Никто не возражал на это.
24 го июля это было совершенно справедливо. Но 29 июля Кутузову пожаловано княжеское достоинство. Княжеское достоинство могло означать и то, что от него хотели отделаться, – и потому суждение князя Василья продолжало быть справедливо, хотя он и не торопился ого высказывать теперь. Но 8 августа был собран комитет из генерал фельдмаршала Салтыкова, Аракчеева, Вязьмитинова, Лопухина и Кочубея для обсуждения дел войны. Комитет решил, что неудачи происходили от разноначалий, и, несмотря на то, что лица, составлявшие комитет, знали нерасположение государя к Кутузову, комитет, после короткого совещания, предложил назначить Кутузова главнокомандующим. И в тот же день Кутузов был назначен полномочным главнокомандующим армий и всего края, занимаемого войсками.
9 го августа князь Василий встретился опять у Анны Павловны с l'homme de beaucoup de merite [человеком с большими достоинствами]. L'homme de beaucoup de merite ухаживал за Анной Павловной по случаю желания назначения попечителем женского учебного заведения императрицы Марии Федоровны. Князь Василий вошел в комнату с видом счастливого победителя, человека, достигшего цели своих желаний.
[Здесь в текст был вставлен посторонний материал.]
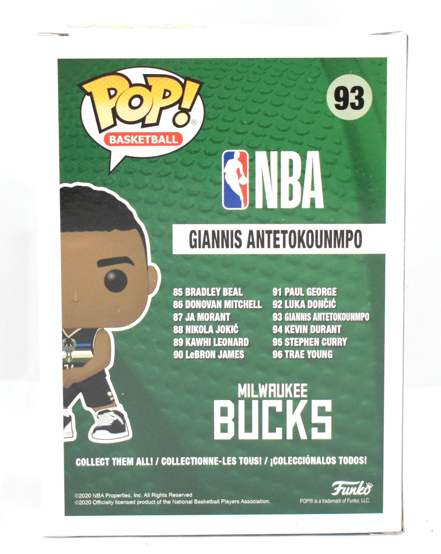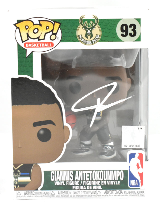 - Official Hand-Signed Funko Pop #93 — Features the authentic autograph of Giannis Antetokounmpo, the Milwaukee Bucks’ powerhouse forward known for his dominant performances and leadership during the Bucks' 2021 NBA Championship run.

– Eh bien, vous savez la grande nouvelle? Le prince Koutouzoff est marechal. [Ну с, вы знаете великую новость? Кутузов – фельдмаршал.] Все разногласия кончены. Я так счастлив, так рад! – говорил князь Василий. – Enfin voila un homme, [Наконец, вот это человек.] – проговорил он, значительно и строго оглядывая всех находившихся в гостиной. L'homme de beaucoup de merite, несмотря на свое желание получить место, не мог удержаться, чтобы не напомнить князю Василью его прежнее суждение. (Это было неучтиво и перед князем Василием в гостиной Анны Павловны, и перед Анной Павловной, которая так же радостно приняла эту весть; но он не мог удержаться.)
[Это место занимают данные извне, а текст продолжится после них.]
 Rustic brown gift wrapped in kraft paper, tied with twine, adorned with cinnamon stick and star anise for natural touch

– Mais on dit qu'il est aveugle, mon prince? [Но говорят, он слеп?] – сказал он, напоминая князю Василью его же слова.
– Allez donc, il y voit assez, [Э, вздор, он достаточно видит, поверьте.] – сказал князь Василий своим басистым, быстрым голосом с покашливанием, тем голосом и с покашливанием, которым он разрешал все трудности. – Allez, il y voit assez, – повторил он. – И чему я рад, – продолжал он, – это то, что государь дал ему полную власть над всеми армиями, над всем краем, – власть, которой никогда не было ни у какого главнокомандующего. Это другой самодержец, – заключил он с победоносной улыбкой.
– Дай бог, дай бог, – сказала Анна Павловна. L'homme de beaucoup de merite, еще новичок в придворном обществе, желая польстить Анне Павловне, выгораживая ее прежнее мнение из этого суждения, сказал.
– Говорят, что государь неохотно передал эту власть Кутузову. On dit qu'il rougit comme une demoiselle a laquelle on lirait Joconde, en lui disant: «Le souverain et la patrie vous decernent cet honneur». [Говорят, что он покраснел, как барышня, которой бы прочли Жоконду, в то время как говорил ему: «Государь и отечество награждают вас этой честью».]